Over the years, I’ve sat through countless demos and presentations, and tried to read everything that was written about eye tracking and UX. At one point, one of the manufacturers was even nice enough to give me a loaner for a few months, so I had the chance to do a little experimenting myself. The upshot is that I’ve always known a lot about eye tracking for someone who doesn’t actually do eye tracking.

And here’s what I know:

Eye tracking is sexy. Harry Brignull once did a presentation that drew an analogy between eye trackers and the shoe-fitting fluoroscopes that were used in shoe stores from the 1920s to the 1960s.2 Your child would put his or her feet in an opening at the bottom of the machine, and you could peer in and see the bones inside, giving you the comforting knowledge that the shoes weren’t going to warp your child’s tender feet. It was fascinating, it was science (not opinion), and it offered the promise of proof. And it had lots of sizzle.3 Heatmaps have the same kind of sizzle.

It sells. Even though we can all agree in retrospect that the shoe-fitting fluoroscope was probably not a good idea, it sold shoes. And blinding people with science still works: eye trackers sell UX services. You can probably charge more if your deliverables include some heatmaps, whether they show anything that’s useful or not.

It seems easy. But it’s not. It’s no trick nowadays to do some eye tracking and create compelling graphics that make it seem like you’re proving something. But actually knowing what you’re doing takes time, experience, and learning.

It’s hard to learn how to do it well. There have been tons of academic papers and manufacturers’ white papers, but no one has produced a how-to book for practitioners.

Enter Aga.

Actually, I’d like to take a tiny bit of credit for this part. I’d heard Aga speak several times over the years, so I knew that she always had the smartest things to say about eye tracking and UX. Then I read an article she wrote for the UX magazine and discovered that she was a really, really good writer. So I told Lou Rosenfeld he needed to get her to do a how-to book. Now that it’s here, I feel a little like a proud uncle. Or maybe a matchmaker.

Believe me, you’re in good hands. Aga really knows her stuff, and she’ll tell you just what you need to know. This is, as she’s described it, “The book I wish I’d had when I was starting out doing eye tracking.” What more can you ask for?

BTW, if I were an eye tracking manufacturer, I’d buy a few hundred copies and give them away to all my customers and potential customers.
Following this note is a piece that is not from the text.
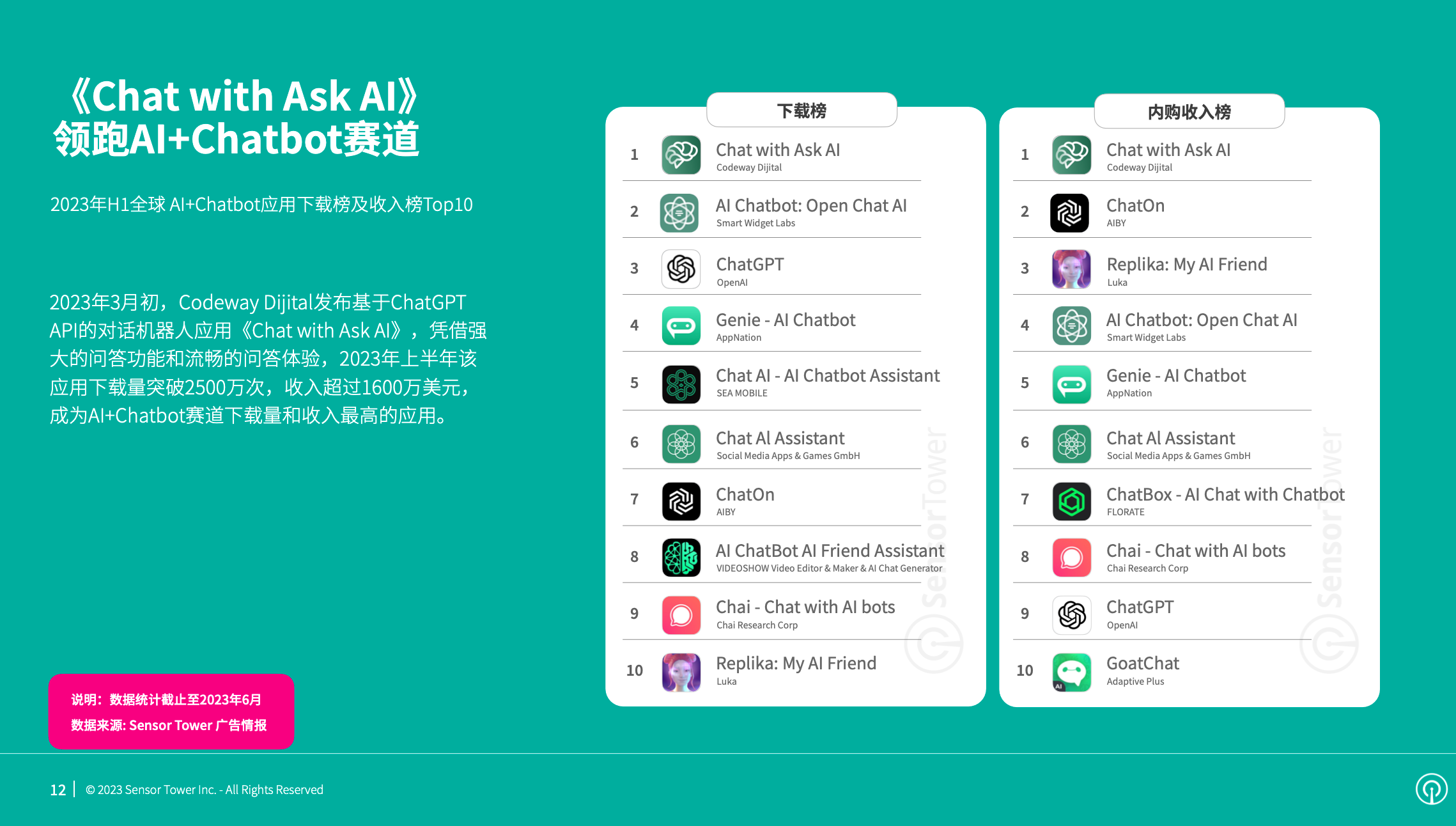 ChatGPT的发布推进AI+Chatbot赛道敏捷升温。2023年上半年,商场中AI+Chatbot运用数量多达200余款,下载量打破1.7亿次,竞赛十分激烈。《Chat with Ask AI》一经推出便敏捷取得用户喜爱,4月下载量超越1000万次。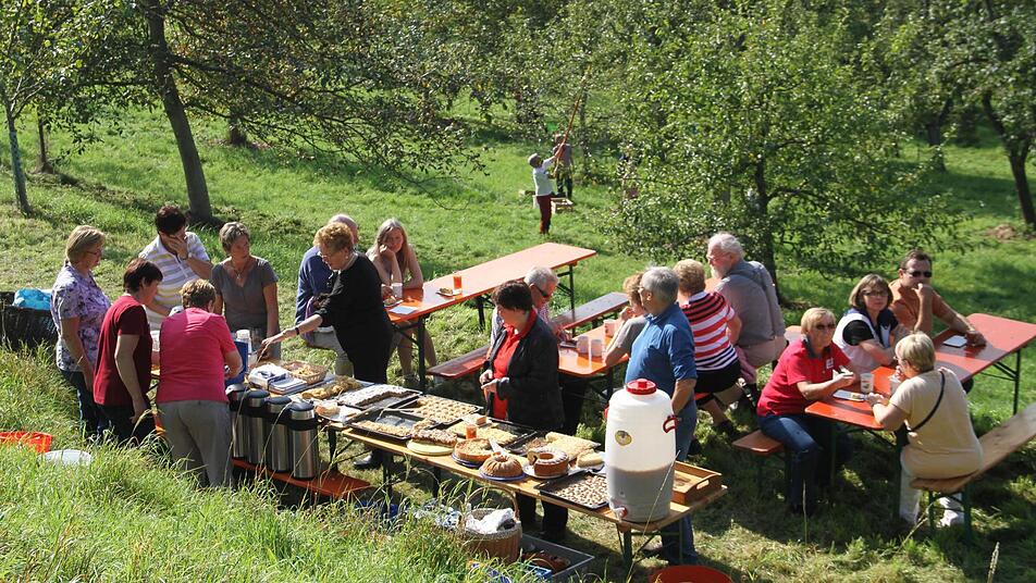 Die Erwachsenen haben da eher schon die Qual der Wahl am reichhaltigen Küchenbüfett unter freiem Himmel. Apfelkuchen unterschiedlichster Zubereitung dominiert das Angebot. Neben Kaffee gab es auch frisch gepressten Apfelsaft.

And then I’d loan Steve Krug another eye tracker.

—Steve Krug
Author of Don’t Make Me Think


1. The other two are consumer-affordable speech recognition good enough to do accurate dictation (finally happened in the late 1990’s) and reliable lie detection (still “twenty years off”). Curiously, I don’t know of anyone other than me who thinks that effective lie detection would cause greater social disruption than, say, an infinite source of free, clean energy, or anti-gravity boots.
2. Harry Brignull’s presentation slides can be found at http://j.mp/eye-tracking-uxlx.
3. Probably not literally. No one has tracked down whether anyone suffered ill effects from the radiation.

Acknowledgments

The path that led me to this book started with my parents. They always encouraged my interests in behavioral sciences, learning foreign languages, writing, and teaching—all important ingredients of this book. Mamo i tato: Jestescie najlepszymi rodzicami jakich mo˙zna sobie wymarzyc.

Next, it was Paula Goolkasian, a University of North Carolina professor, who took a chance on a Polish exchange student and gave her research and publication opportunities that later opened many doors. That’s when my fascination with visual perception began. Dr Goolkasian, I can’t thank you enough.
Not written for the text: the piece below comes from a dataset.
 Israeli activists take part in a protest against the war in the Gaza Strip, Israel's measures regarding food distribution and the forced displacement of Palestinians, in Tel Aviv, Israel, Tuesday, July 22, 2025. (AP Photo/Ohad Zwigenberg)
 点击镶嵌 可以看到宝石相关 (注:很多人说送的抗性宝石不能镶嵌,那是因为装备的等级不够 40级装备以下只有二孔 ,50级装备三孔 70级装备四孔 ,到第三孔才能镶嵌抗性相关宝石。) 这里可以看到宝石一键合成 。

In 2003, I met Bob Schumacher and Gavin Lew, who took me on an amazing journey packed with countless research adventures, crazy but brilliant ideas, exciting challenges, and, of course, eye tracking. This book wouldn’t exist without their unwavering support and Bob’s occasional nagging. Guys, it is an absolute privilege to have you as my mentors and friends.
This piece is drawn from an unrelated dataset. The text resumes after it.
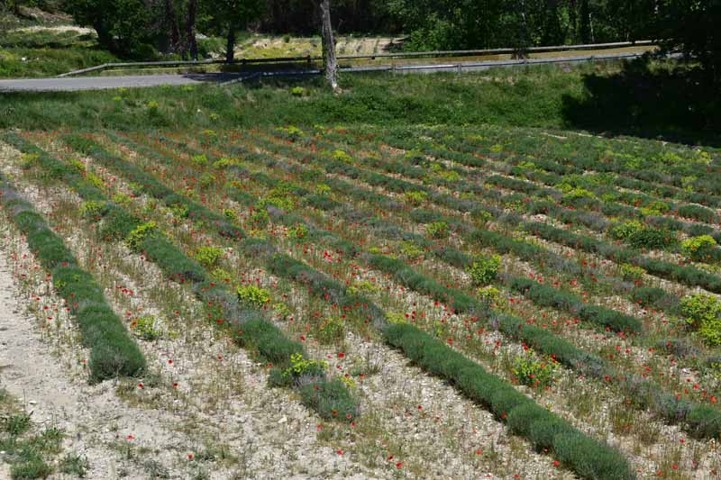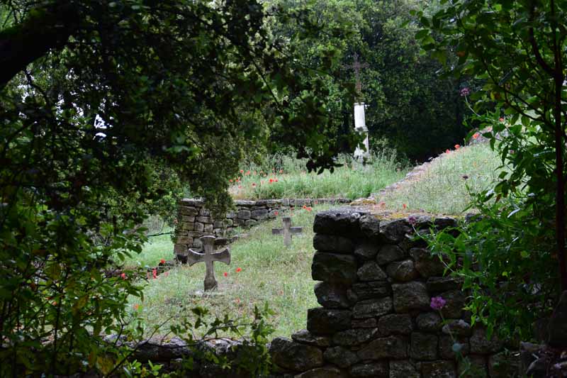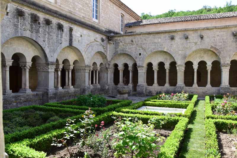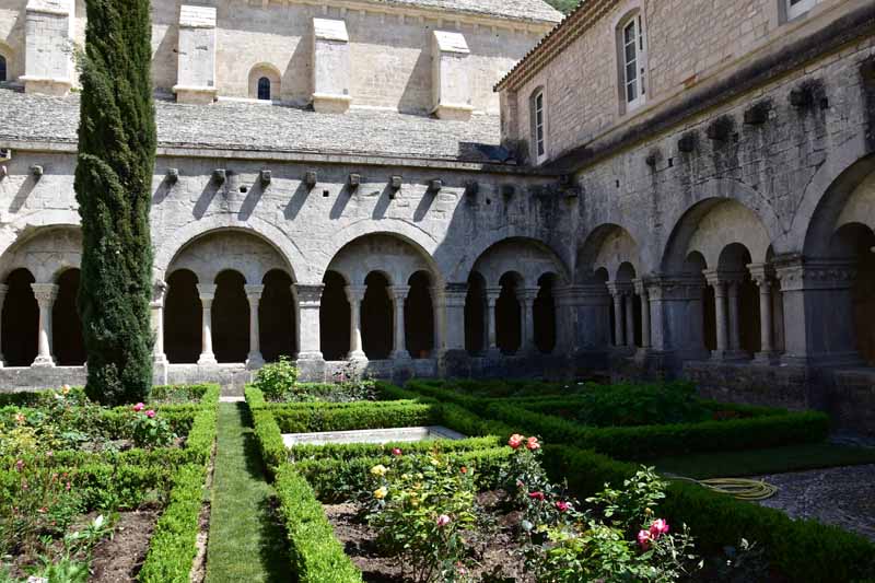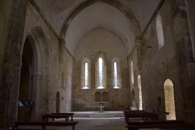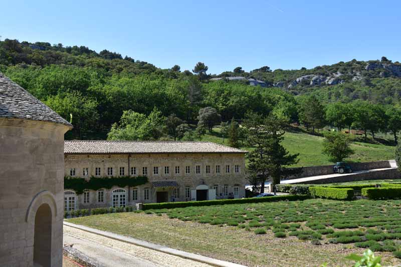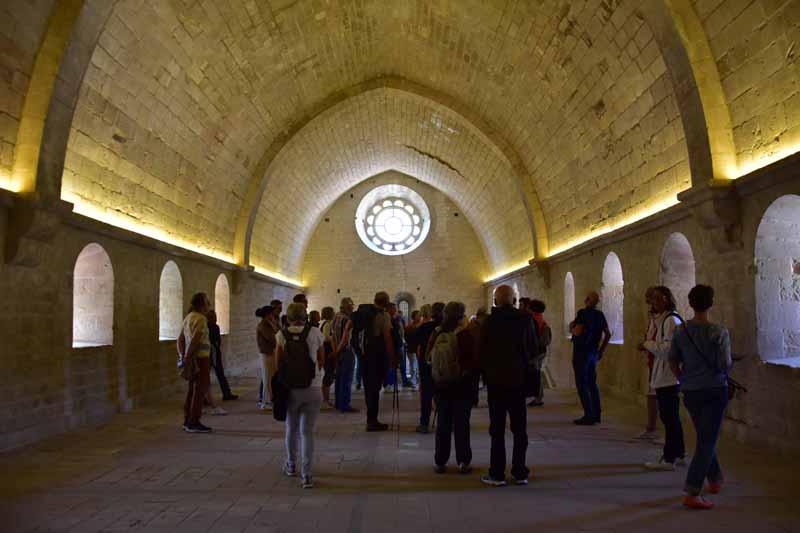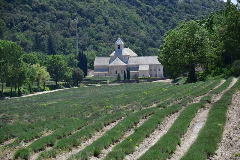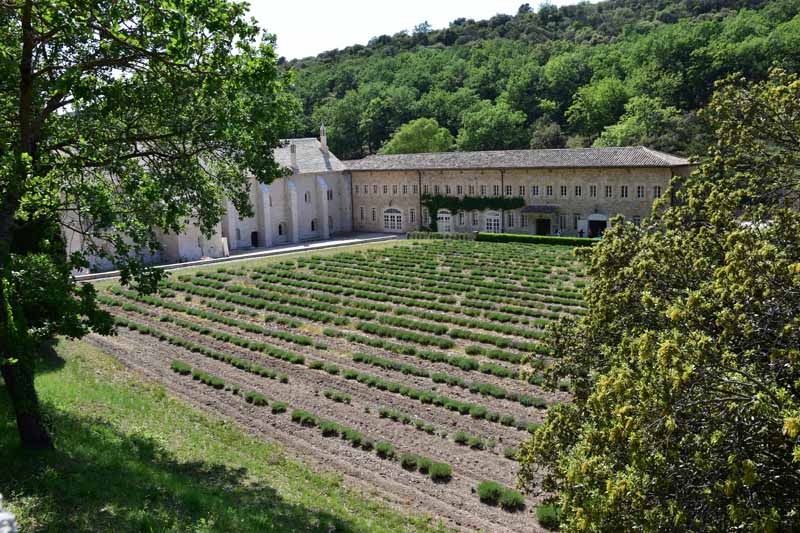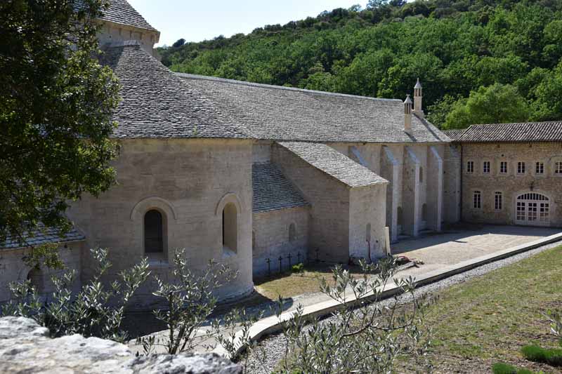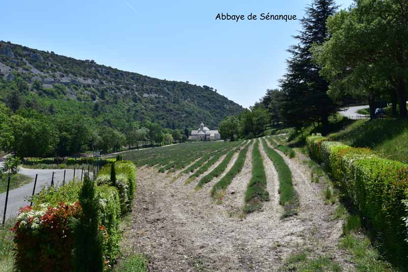 Nous avons continué notre route jusqu’à l’Abbaye cistercienne de Sénanque, incontournable dans la région. Nous sommes arrivés à point nommé pour la visite guidée de 14h30, on ne pouvait pas mieux faire. Nous avons eu la chance d’avoir un guide très intéressant qui nous a appris, entre autres choses, qu’elle avait été fondée en 1148. Six moines vivent encore dans les lieux et le silence est donc de rigueur (pas facile pour nous…) d’autant que les moines cisterciens prônent un idéal ascétique suivant la règle de St Benoît : isolement, pauvreté et humilité (tout ce qui nous fait rêver !!!). Bien sûr, il nous a appris beaucoup de petites anecdotes que je ne vais pas vous relater ce soir. L’abbaye est très réputée également pour ses champs de lavande qui, hélas, vous l’aurez compris en regardant les photos, ne sont pas en fleurs en ce moment !!!

In 2010, I got an email from Lou Rosenfeld, the publisher of this book. It turned out that Steve Krug sent him one of my eye tracking articles and suggested that I should write a book. Lou, thank you for listening to Steve. Steve, you rock.

As you can imagine, a lot of people were involved in the making of this book. First and foremost, I’d like to thank the Rosenfeld Media team for all their work getting the book into its print and digital forms. Special thanks go to Lou and my editor, Marta Justak, for their invaluable guidance and for never giving up on me, even though my interpretation of the word “deadline” might have been a little unconventional at times.

I’m indebted to Kristin Adamczyk and Patrick Squire for their many contributions to this book and for all the eye tracking studies we have done together over the years. I can sleep at night because I know I can always count on you.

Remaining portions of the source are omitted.